XXVII
– Только если бы не жалко бросить, что заведено… трудов положено много… махнул бы на все рукой, продал бы, поехал, как Николай Иваныч… Елену слушать, – сказал помещик с осветившею его умное старое лицо приятною улыбкой.
– Да вот не бросаете же, – сказал Николай Иванович Свияжский, – стало быть, расчеты есть.
– Расчет один, что дома живу, непокупное, ненанятое. Да еще все надеешься, что образумится народ. А то, верите ли, – это пьянство, распутство! Все переделились, ни лошаденки, ни коровенки. С голоду дохнет, а возьмите его в работники наймите – он вам норовит напортить, да еще к мировому судье.
– Зато и вы пожалуетесь мировому судье, – сказал Свияжский.
– Я пожалуюсь? Да ни за что в свете! Разговоры такие пойдут, что и не рад жалобе! Вот на заводе – взяли задатки, ушли. Что ж мировой судья? Оправдал, только и держится все волостным судом да старшиной. Этот отпорет его по-старинному. А не будь этого – бросай все! Беги на край света!

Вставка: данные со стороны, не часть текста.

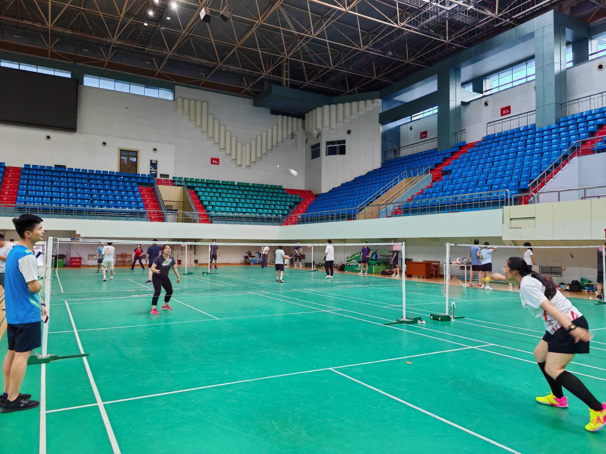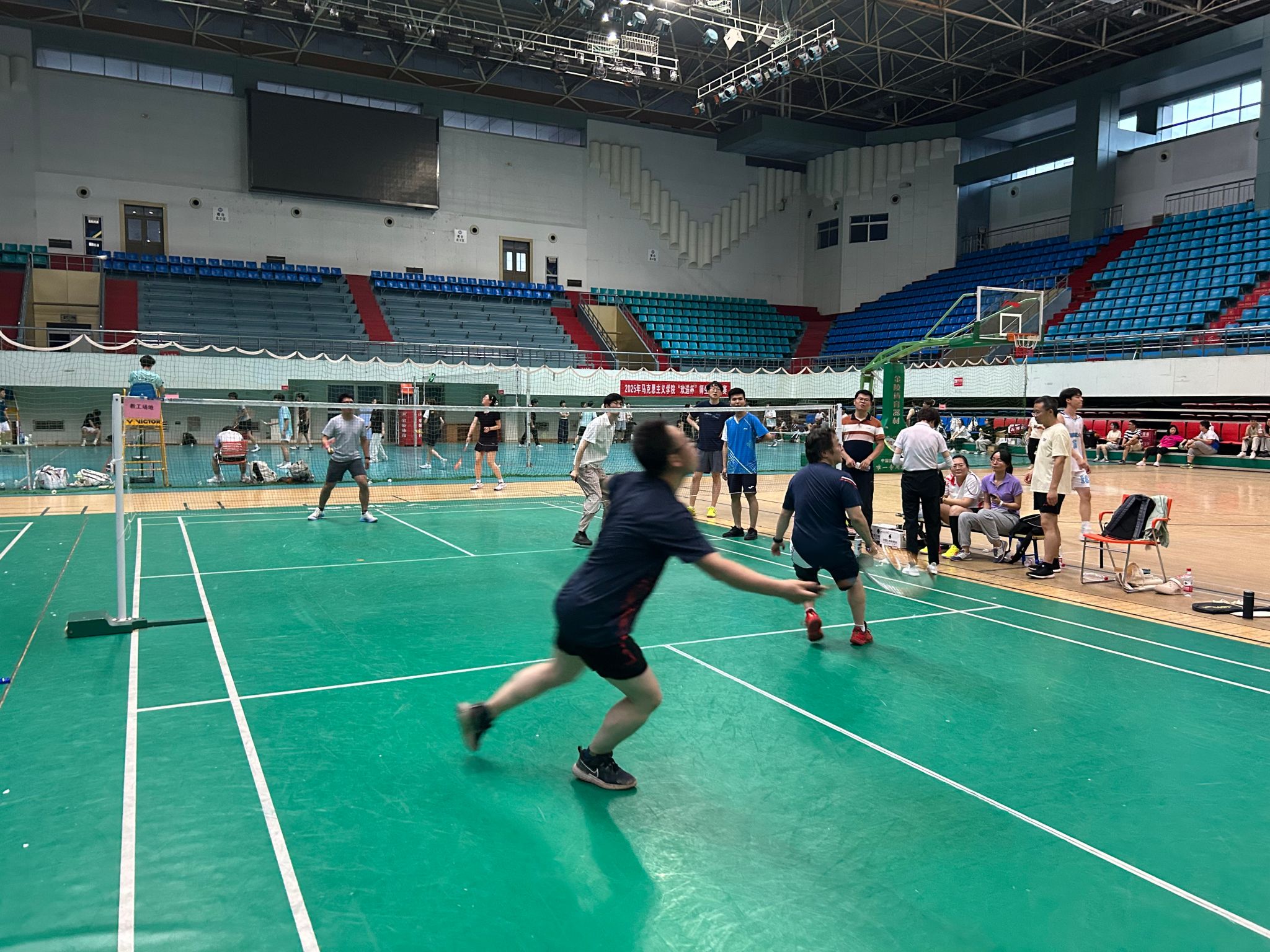 为积极备战学校2025年教职工羽毛球赛,学院于6月4日晚在长安校区上林体育馆举行了院内羽毛球选拔赛。

Очевидно, помещик дразнил Свияжского, но Свияжский не только не сердился, но, видимо, забавлялся этим.
– Да вот ведь ведем же мы свои хозяйства без этих мер, – сказал он, улыбаясь, – я, Левин, они.
Он указал на другого помещика.
– Да, у Михаила Петровича идет, а спросите-ка как? Это разве рациональное хозяйство? – сказал помещик, очевидно щеголяя словом «рациональное».
– У меня хозяйство простое, – сказал Михаил Петрович. – Благодарю Бога. Мое хозяйство все, чтобы денежки к осенним податям были готовы. Приходят мужички: батюшка, отец, вызволь! Ну, свои всё соседи мужики, жалко. Ну, дашь на первую треть, только скажешь: помнить, ребята, я вам помог, и вы помогите, когда нужда – посев ли овсяный, уборка сена, жнитво, – ну и выговоришь, по скольку с тягла. Тоже есть бессовестные и из них, это правда.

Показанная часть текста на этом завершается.